(Beginning of Task material)

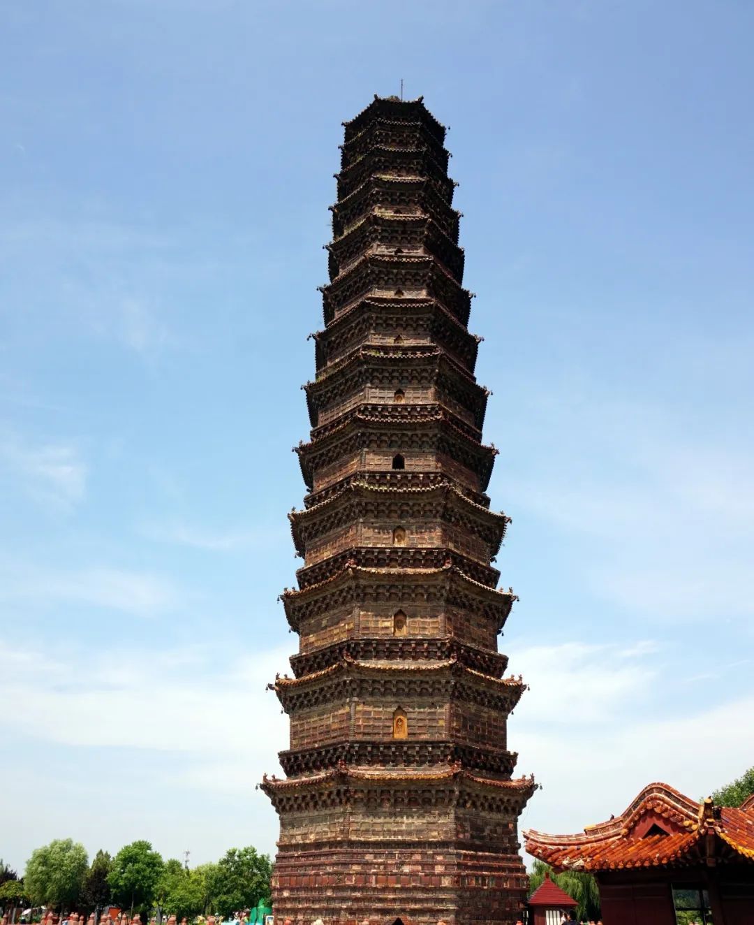 后来宋仁宗下令仿照木塔修建了铁塔。铁塔高近56米,13层、八角楼阁式。铁塔的一些特点在中国佛教建筑史上占有重要地位:设计师以许多形状大小各异的“结构砖”相组合。
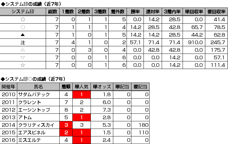 まだまだキャリアの浅い2歳のGⅠなので、キャリアを重ねた馬および前走が重賞だった馬が高い能力指数を記録しがちです。(これは指数の性質上仕方がない面があります)それでも上位の成績が良いということは、①前走が重賞だった馬②前走が条件戦の場合は好タイムで勝っている馬を買うべきであることとイコール。中山開催時ではありますが、穴をあけたロゴタイプは東京のマイル戦を好タイムで駆け抜けていました。
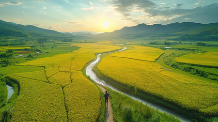 Beautiful Chinese idyllic panorama with rice fields and river at sunset
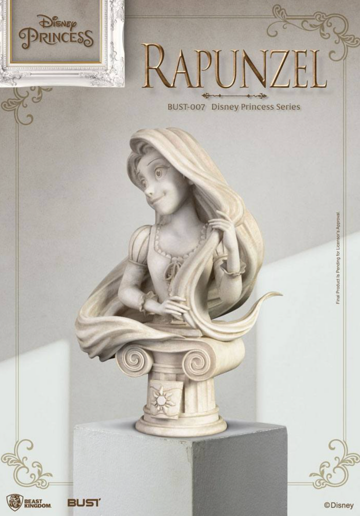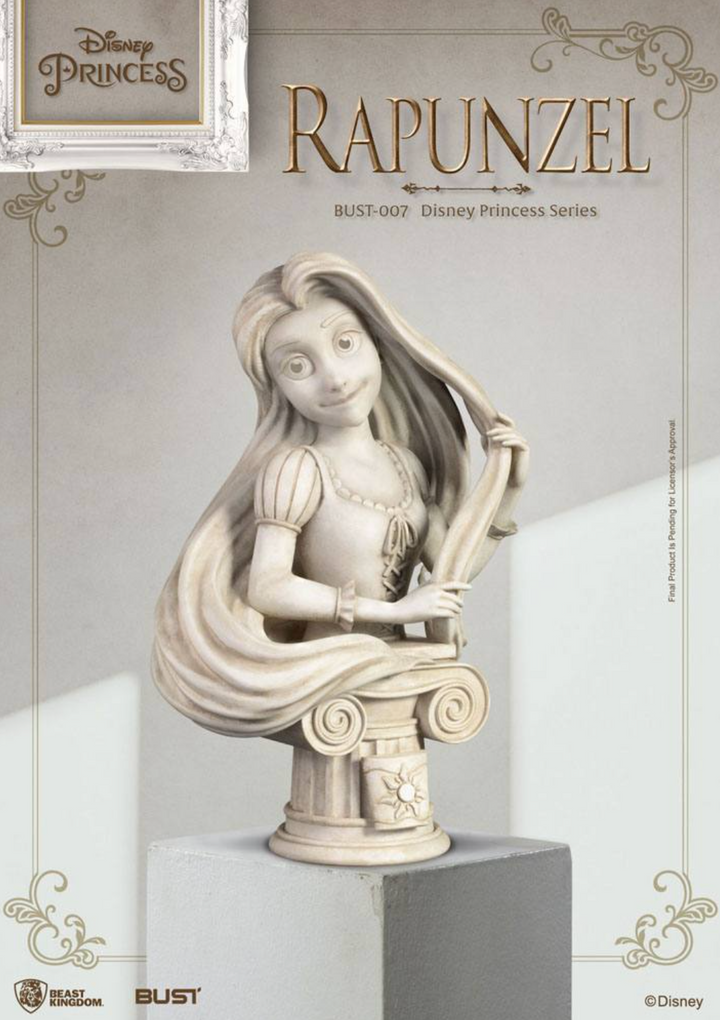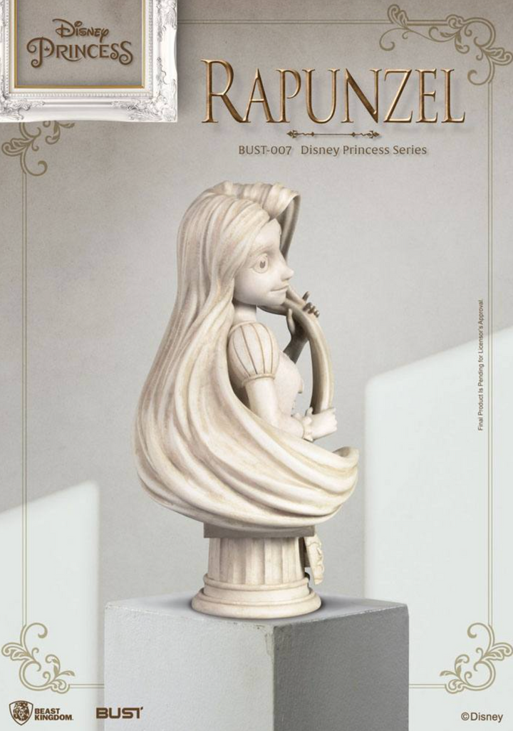Beast Kingdom is proud to present the latest plaster-portrait 'BUST' series focusing on a selection of classic Disney Princess characters. The Rapunzel bust on show exemplifies the delicate, timelessness and charm of the beloved animated character. Each bust includes a base with an engraving of a special emblem that represents a theme from their respective movies!
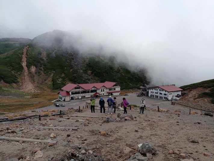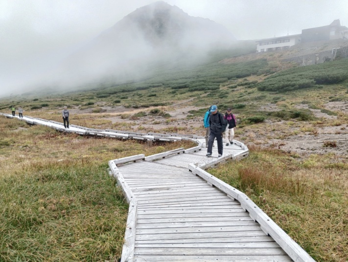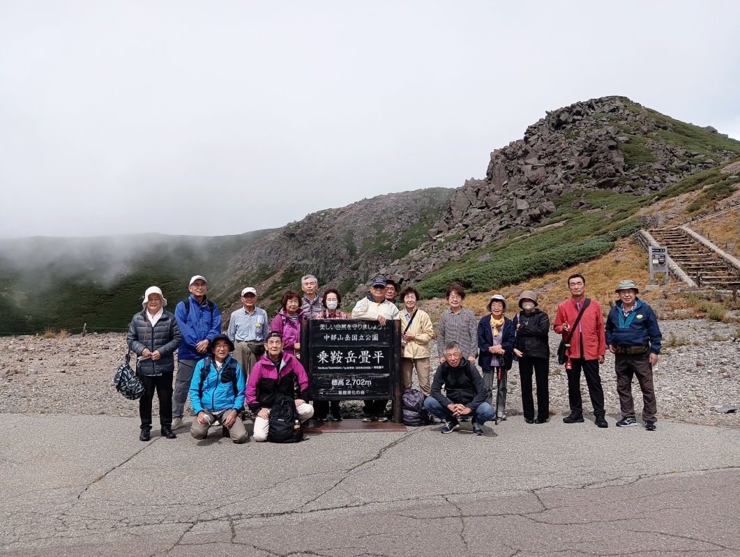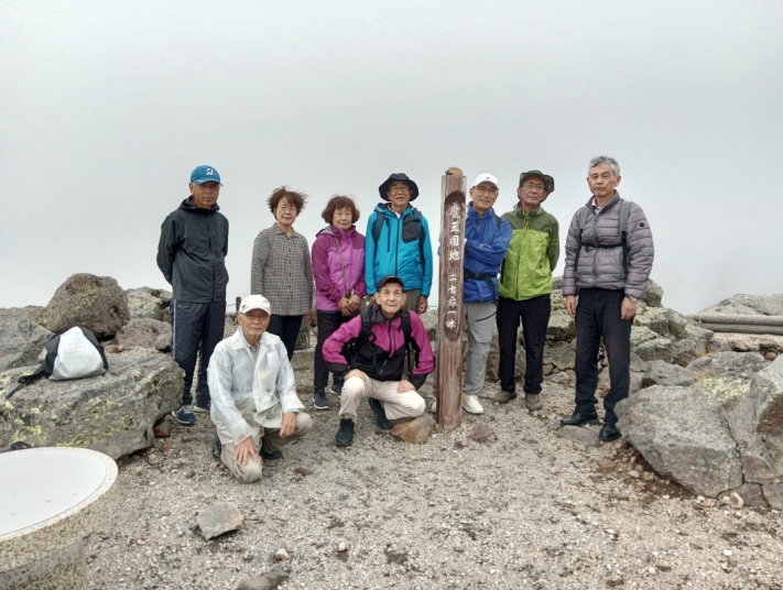 久しぶり(6年振り)のネットひまわりと歩こう会のメンバーを加えた日帰り旅行でした。 心配していた雨ですが、朝方は小雨がパラパラ・・・でしたが、暫くすると小康状態・・・昼食会場のとろろ飯で有名な 「茶茶」に着く頃はスッカリ雨も上がり、目的地の畳平ではガスこそ出ていましたが、晴れ女が同行してくれていた様で ・・・健脚組は、魔王岳(2763m)に挑戦、足腰に不安な組はお花畑を散策・・・花は8月中旬までの様でしたが、雷鳥の 子供に遭遇楽しい一日を過す事が出来ました。 ところで、写真の一番左の人はダレ? 16名のハズが17名? |
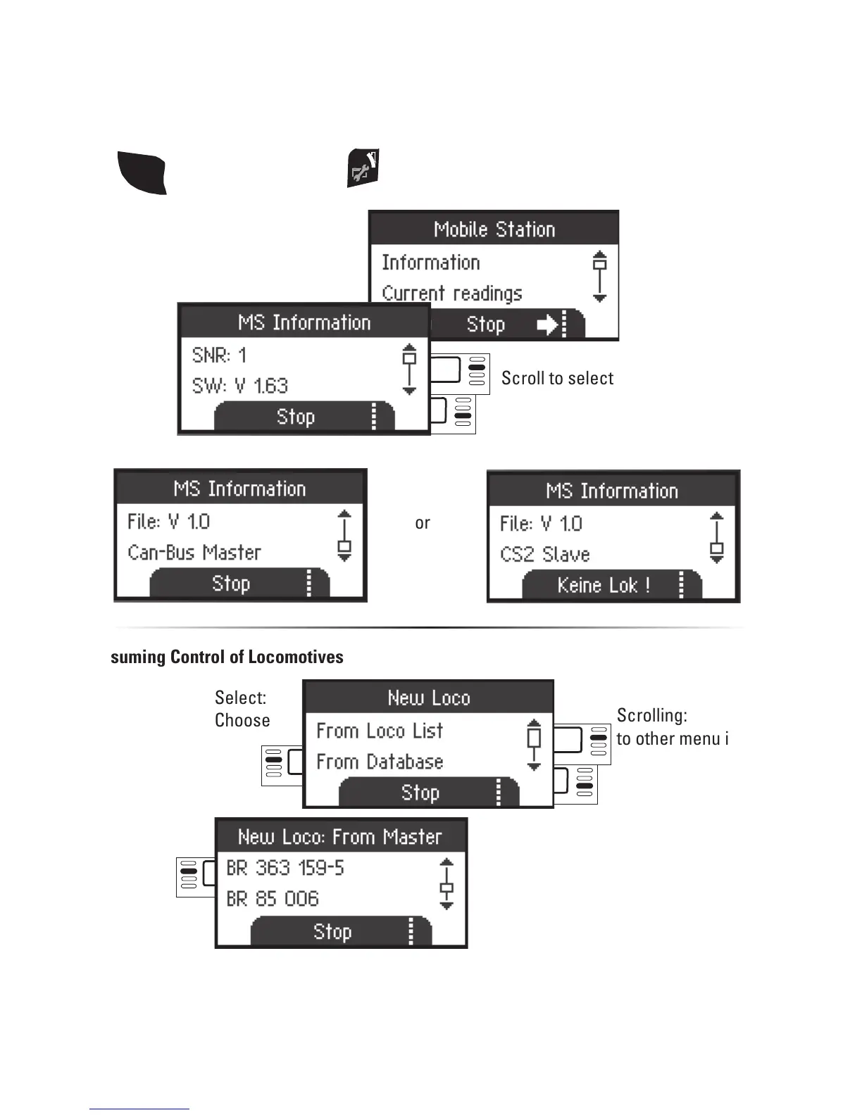 It is possible with the “Slave” Mobile Station to enter locomotives from the database or
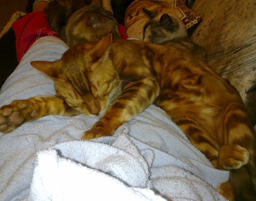 Laver loves nothing more then to cuddle up on a lap. He is real momma's boy. We will be expecting his future kittens to be as naughty and loving as him. |
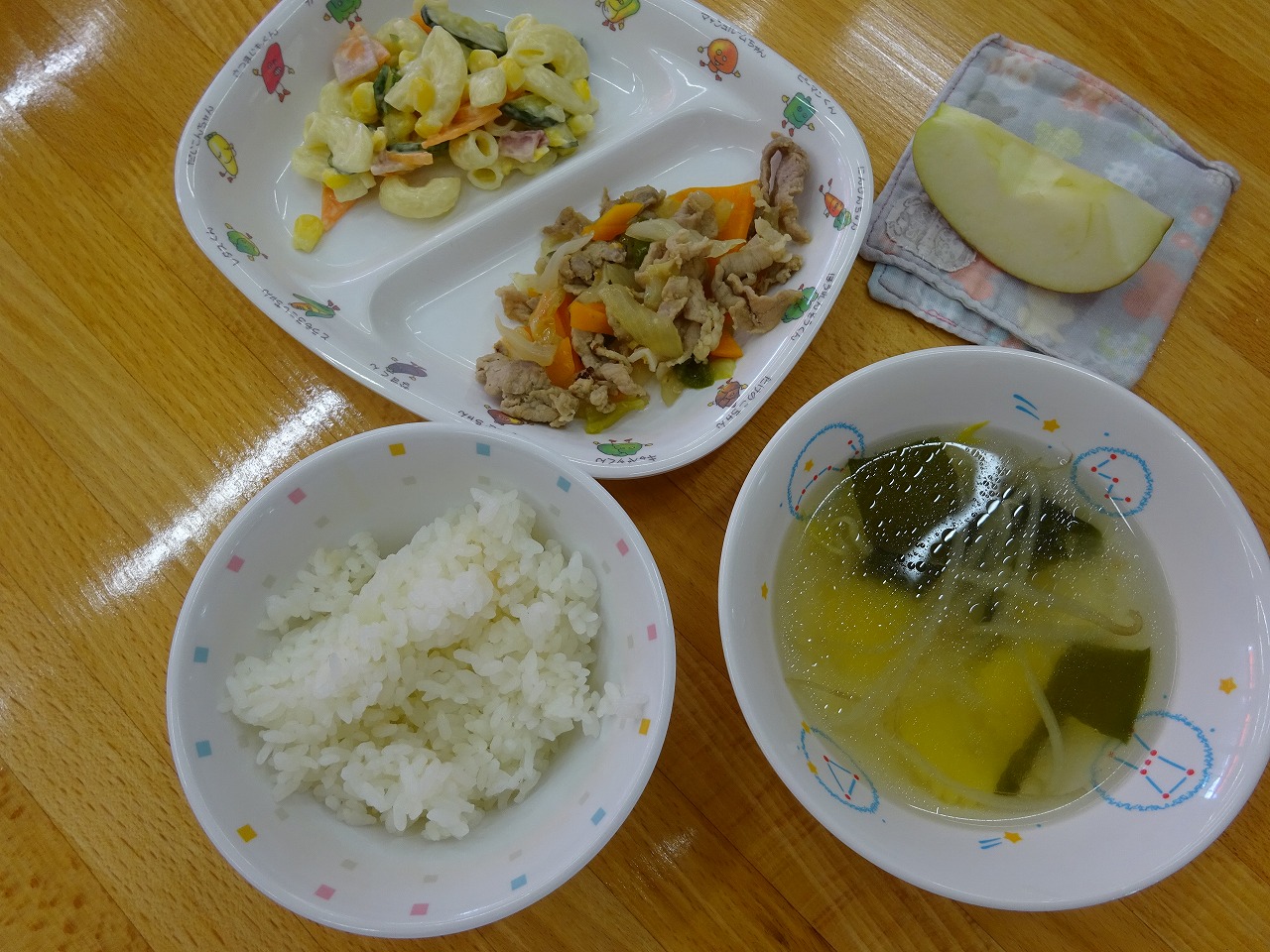 9月2日(水)給食 ・ごはん ・豚肉のしょうが焼き(豚肉・キャベツ・玉ねぎ・にんじん・ピーマン・しょうが) ・マカロニサラダ(マカロニ・きゅうり・にんじん・ハム・コーン・マヨドレ) ・もやしスープ(もやし・玉ねぎ・しめじ・わかめ) ・りんご
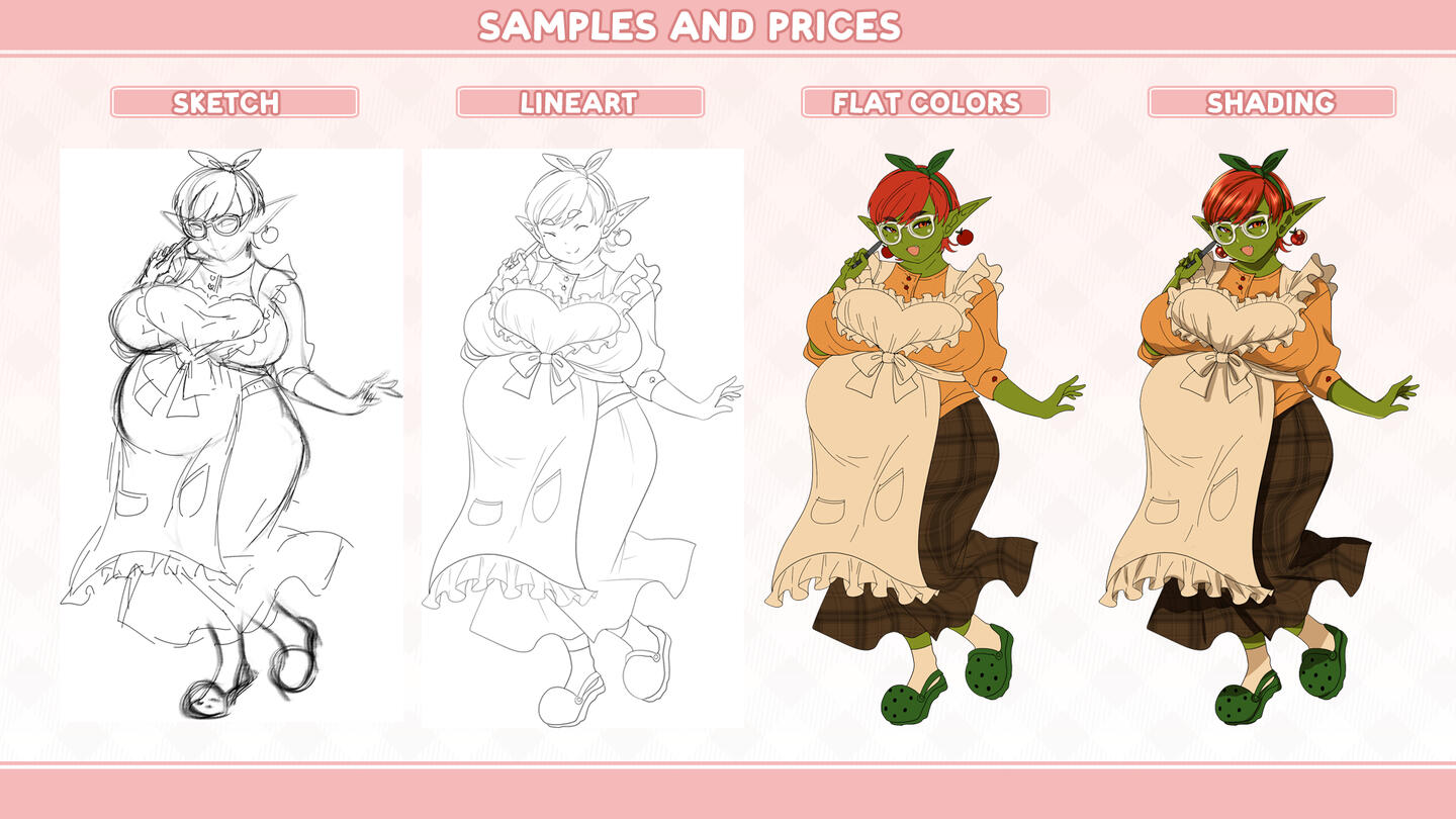 Reference/Description* of characters:*If you do not have a character design already made, I will be more than happy to design the character for you for a 50% fee! .π - Turnaround time to finish the art is up to 3 to 4 months, depending on my schedule and health.
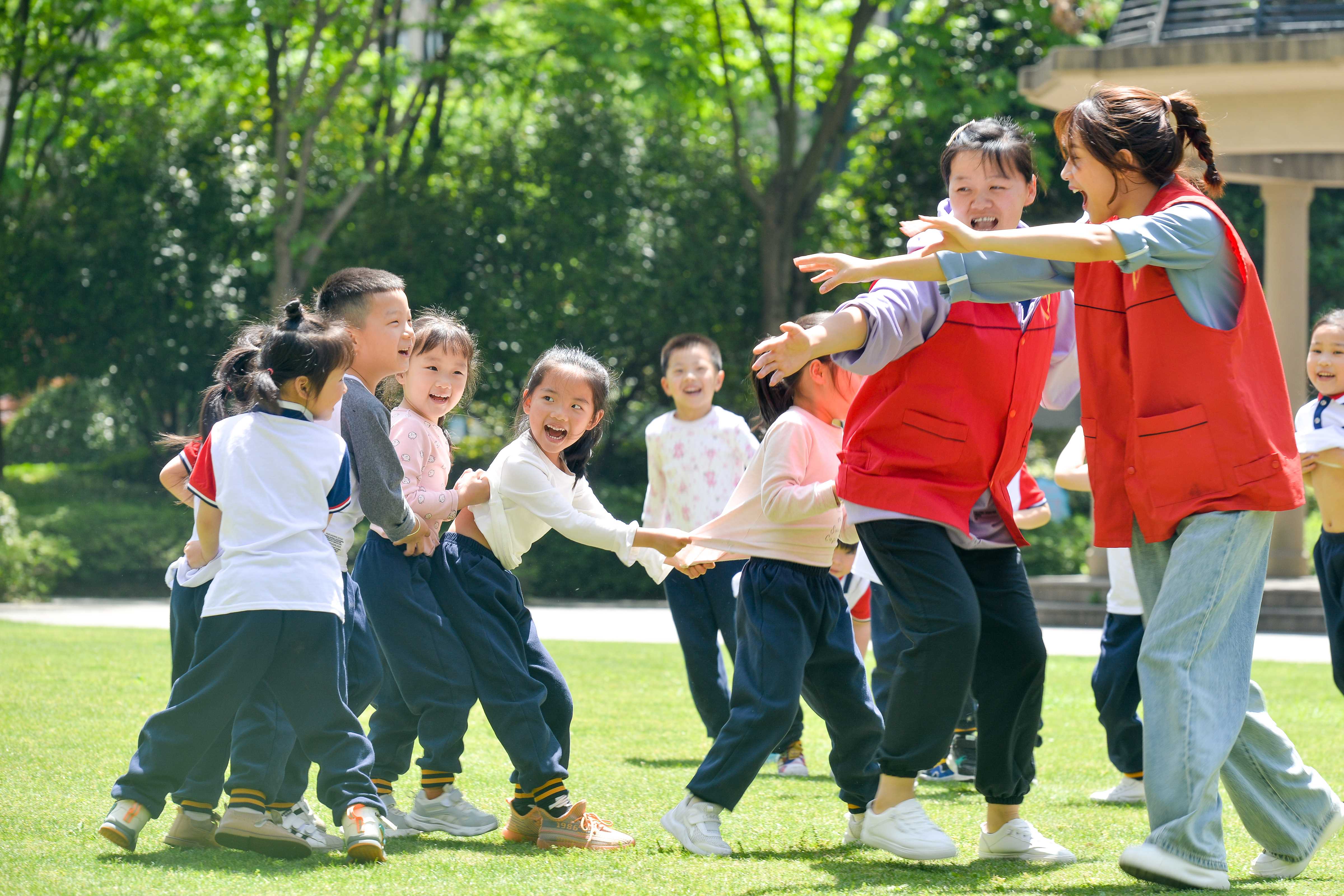 ▲4月29日,浙江省湖州市长兴县太湖街道晨光社区儿童之家外,社区志愿者在课后托管时带领孩子们户外游戏。新华社发(吴拯 摄)
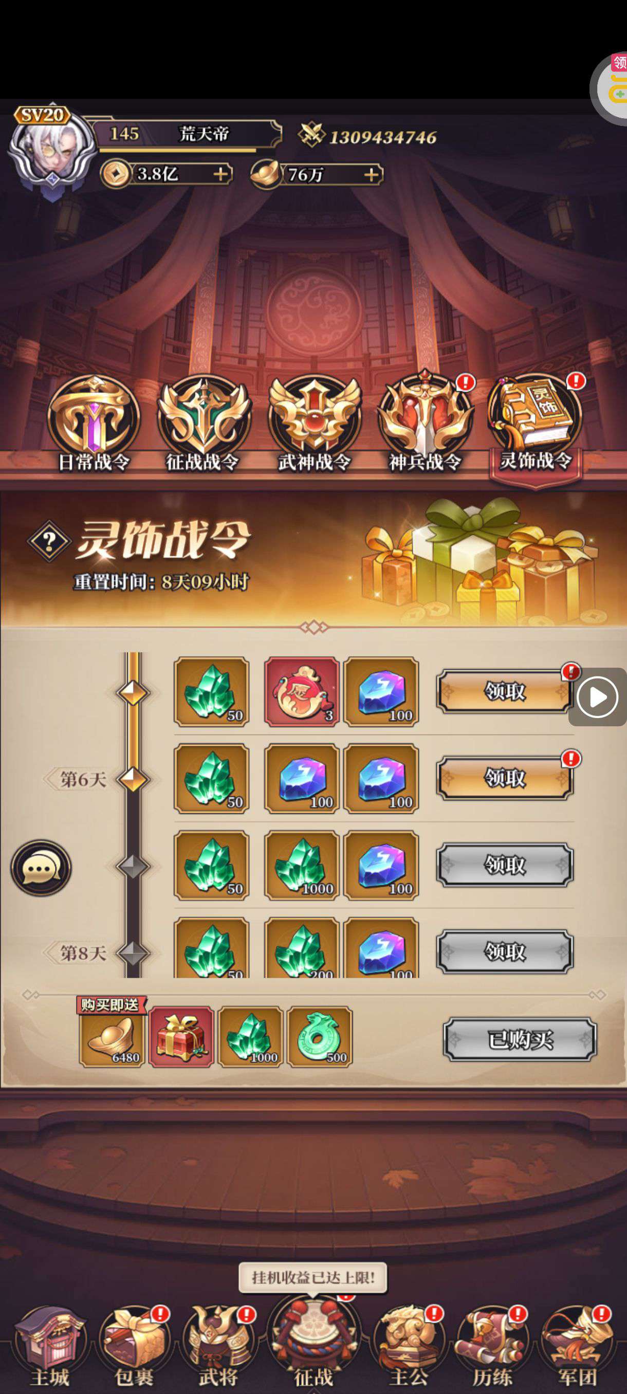 元宝*6480(每个账号限领一次)
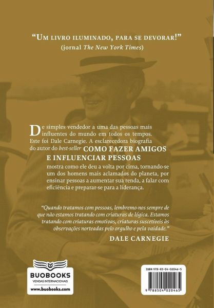 De simples vendedor a uma das pessoas mais influentes do mundo de todos os tempos. Este foi Dale Carnegie, biografado neste livro do americano Steven Watts. A esclarecedora biografia a do autor do best seller Como fazer amigos e influenciar pessoas, mostra como ele deu a volta por cima, tornando-se um dos homens mais aclamados do mundo, por ensinar pessoas a aumentar sua renda, a falar com eficiência e preparar-se para a liderança.

(End of Task material)

Exercise requirements
Above are the records; copy exactly the lines from the one with "Beast Kingdom is" through the one with "It is possible", including both, and nothing more. Leave out pictures.

Solution for this problem
Beast Kingdom is proud to present the latest plaster-portrait 'BUST' series focusing on a selection of classic Disney Princess characters. The Rapunzel bust on show exemplifies the delicate, timelessness and charm of the beloved animated character. Each bust includes a base with an engraving of a special emblem that represents a theme from their respective movies!
 久しぶり(6年振り)のネットひまわりと歩こう会のメンバーを加えた日帰り旅行でした。 心配していた雨ですが、朝方は小雨がパラパラ・・・でしたが、暫くすると小康状態・・・昼食会場のとろろ飯で有名な 「茶茶」に着く頃はスッカリ雨も上がり、目的地の畳平ではガスこそ出ていましたが、晴れ女が同行してくれていた様で ・・・健脚組は、魔王岳(2763m)に挑戦、足腰に不安な組はお花畑を散策・・・花は8月中旬までの様でしたが、雷鳥の 子供に遭遇楽しい一日を過す事が出来ました。 ところで、写真の一番左の人はダレ? 16名のハズが17名? |
 It is possible with the “Slave” Mobile Station to enter locomotives from the database or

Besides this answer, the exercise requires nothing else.